## TASK DESCRIPTION
With the pictures omitted, set down exactly the lines from the one that contains "1716 Balatonőszödi föld" through the last line of the data.

## RECORDED DATA
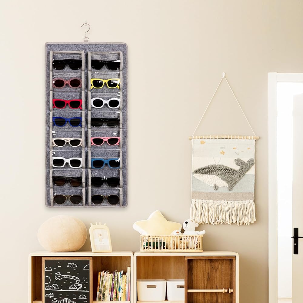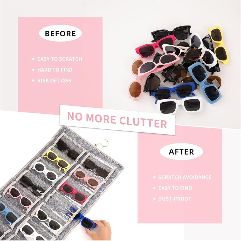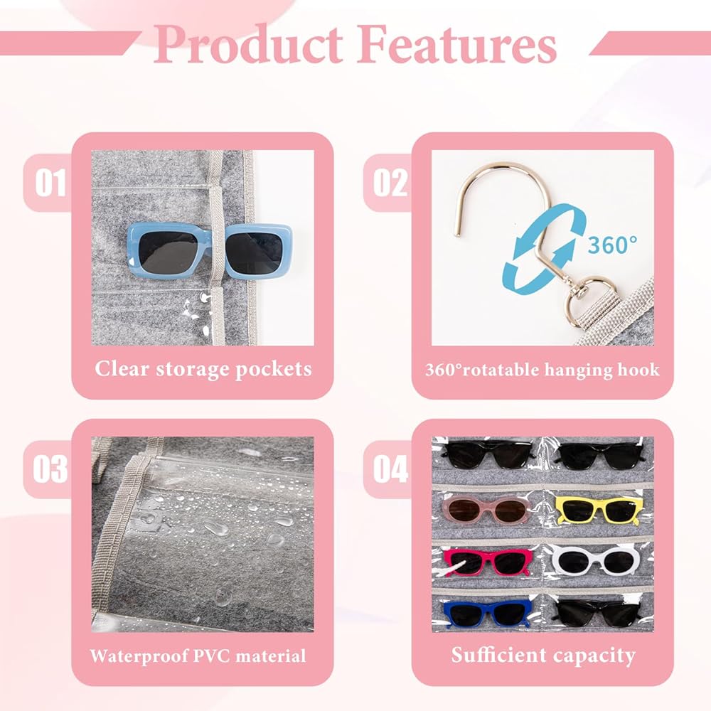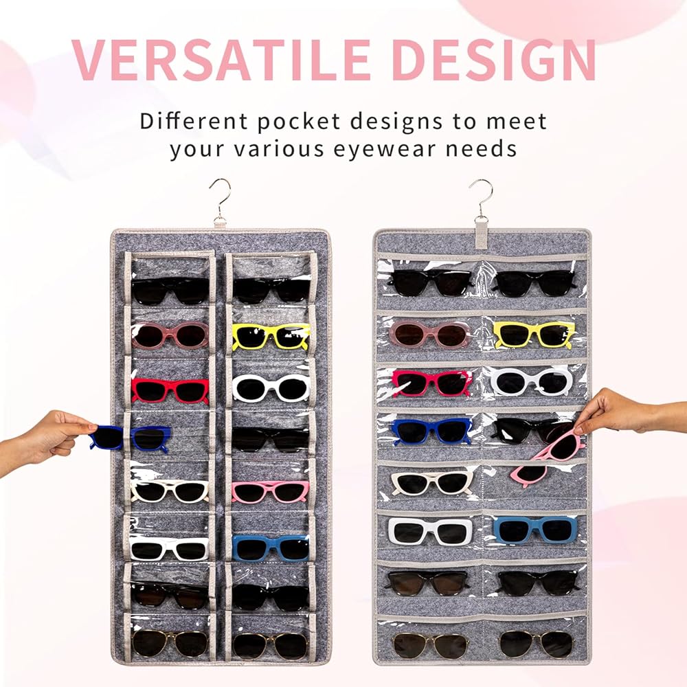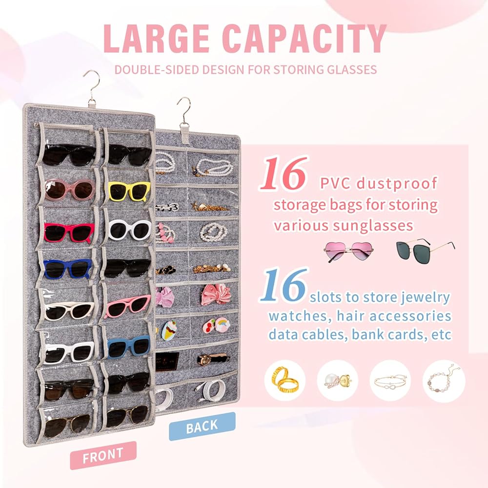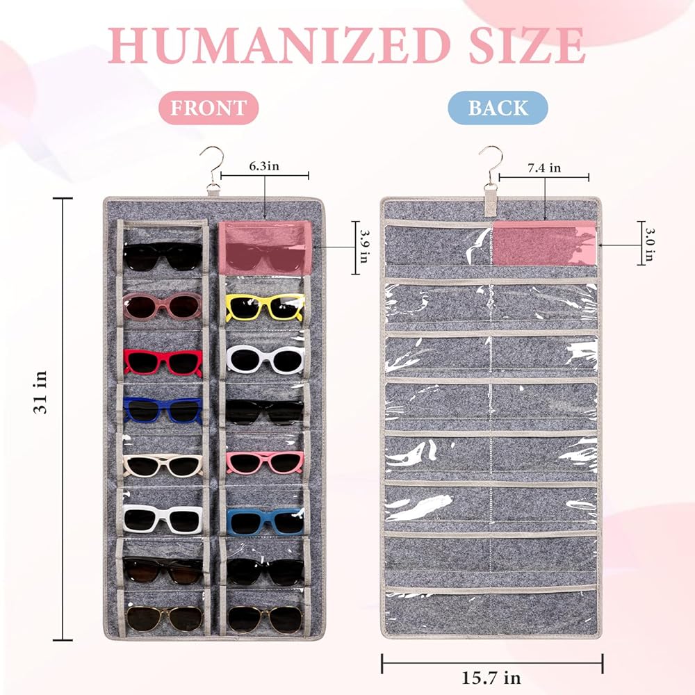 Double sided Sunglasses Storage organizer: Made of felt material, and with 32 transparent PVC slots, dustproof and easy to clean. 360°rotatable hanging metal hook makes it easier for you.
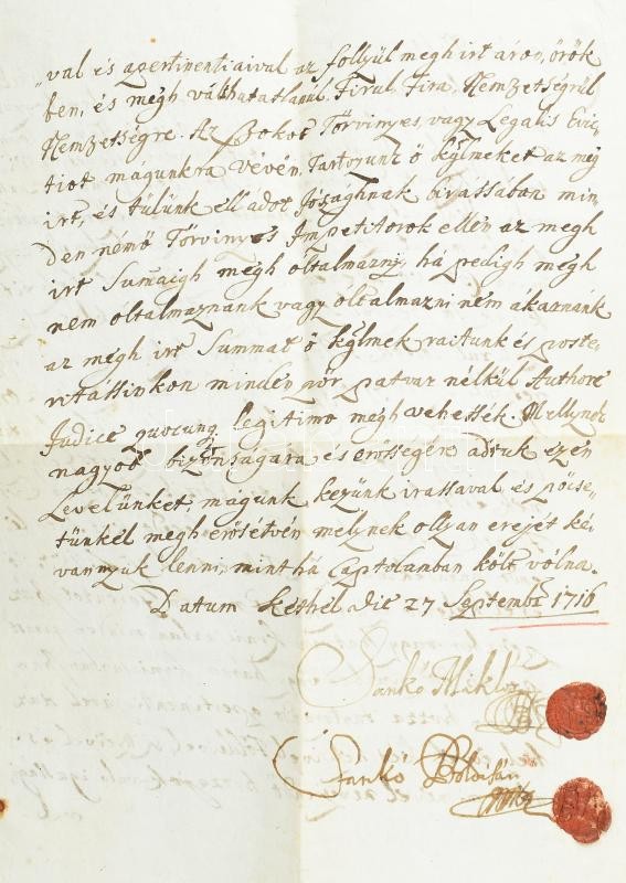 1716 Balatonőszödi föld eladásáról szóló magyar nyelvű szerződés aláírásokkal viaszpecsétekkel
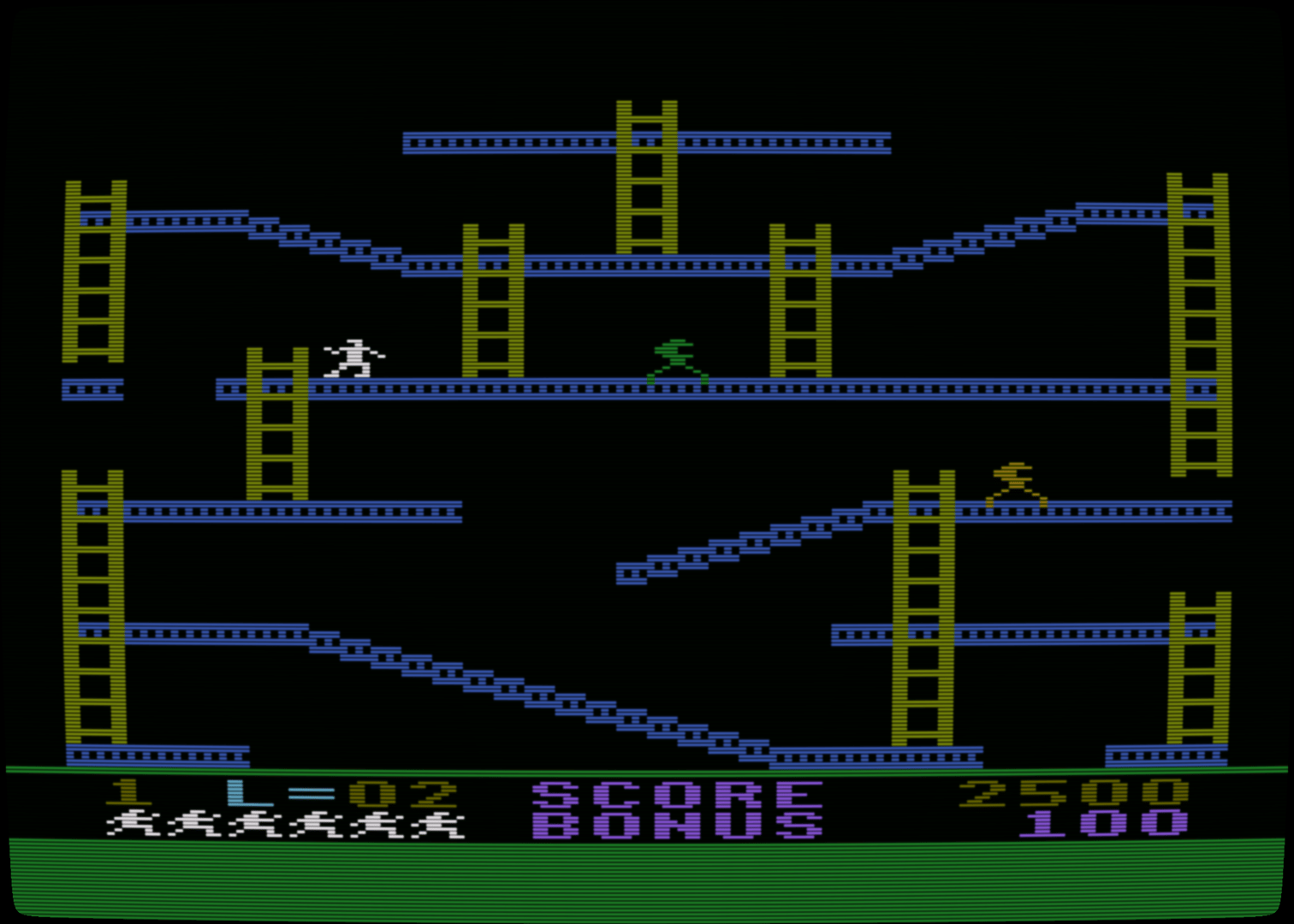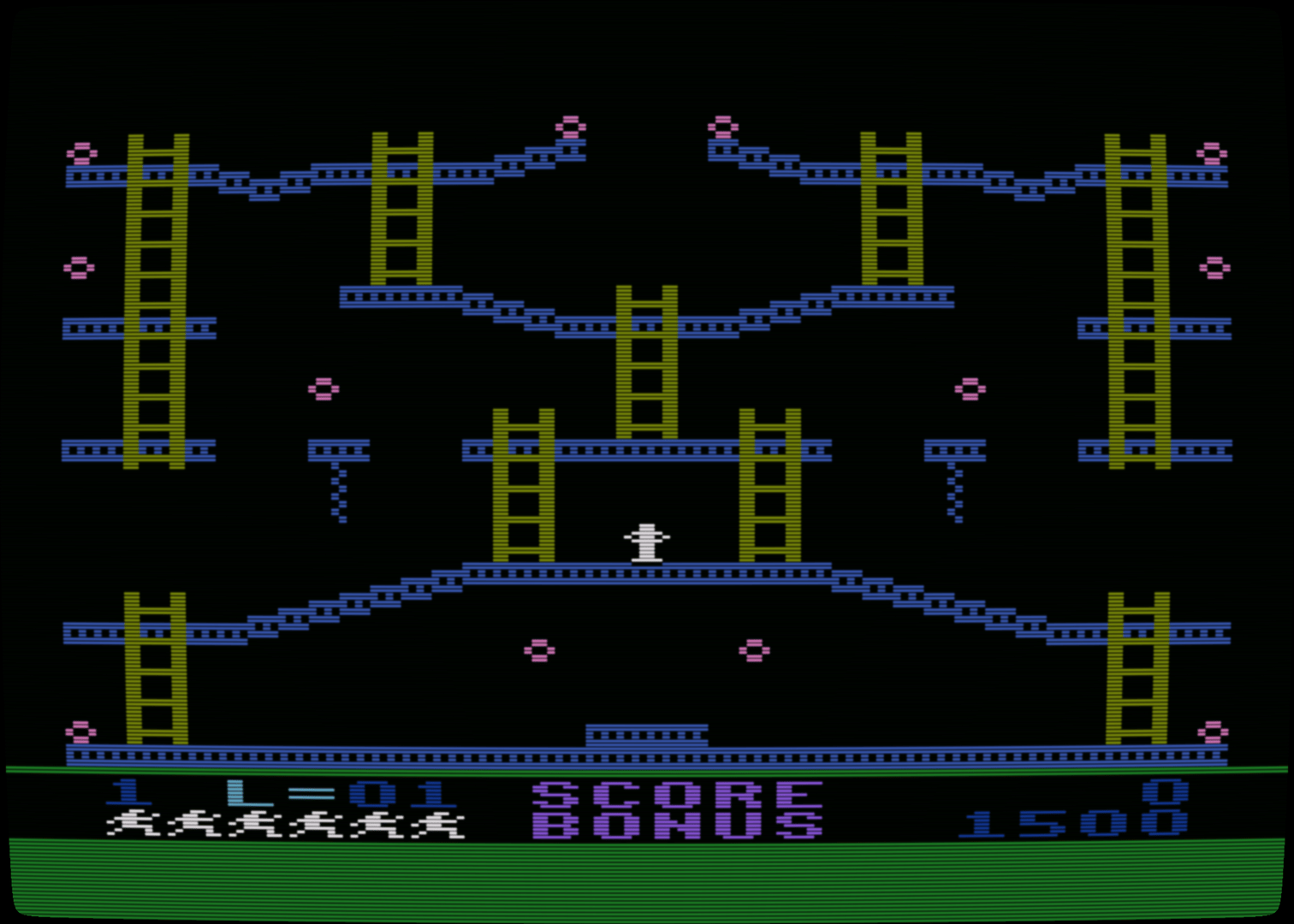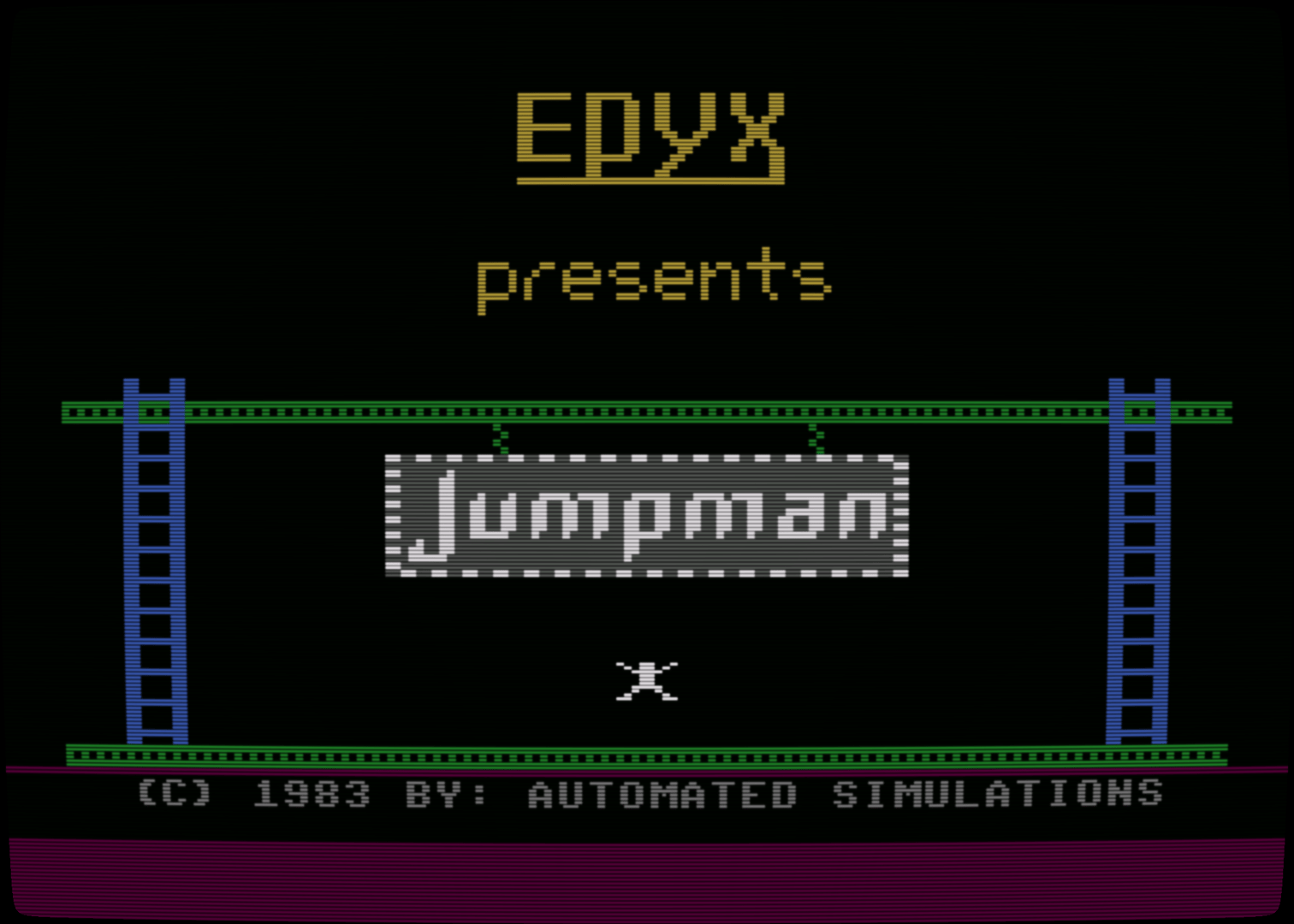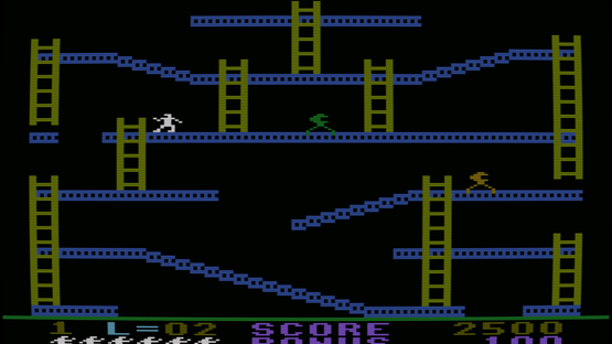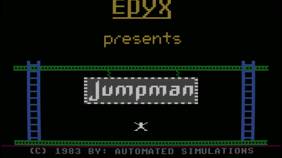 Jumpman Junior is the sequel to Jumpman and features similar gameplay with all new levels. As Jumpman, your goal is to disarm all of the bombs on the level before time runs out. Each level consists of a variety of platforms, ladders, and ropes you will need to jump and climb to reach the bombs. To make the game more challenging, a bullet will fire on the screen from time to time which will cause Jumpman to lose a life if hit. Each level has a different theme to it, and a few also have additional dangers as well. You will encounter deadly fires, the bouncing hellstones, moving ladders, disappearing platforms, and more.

## RESPONSE TO THE EXERCISE
 1716 Balatonőszödi föld eladásáról szóló magyar nyelvű szerződés aláírásokkal viaszpecsétekkel
 Jumpman Junior is the sequel to Jumpman and features similar gameplay with all new levels. As Jumpman, your goal is to disarm all of the bombs on the level before time runs out. Each level consists of a variety of platforms, ladders, and ropes you will need to jump and climb to reach the bombs. To make the game more challenging, a bullet will fire on the screen from time to time which will cause Jumpman to lose a life if hit. Each level has a different theme to it, and a few also have additional dangers as well. You will encounter deadly fires, the bouncing hellstones, moving ladders, disappearing platforms, and more.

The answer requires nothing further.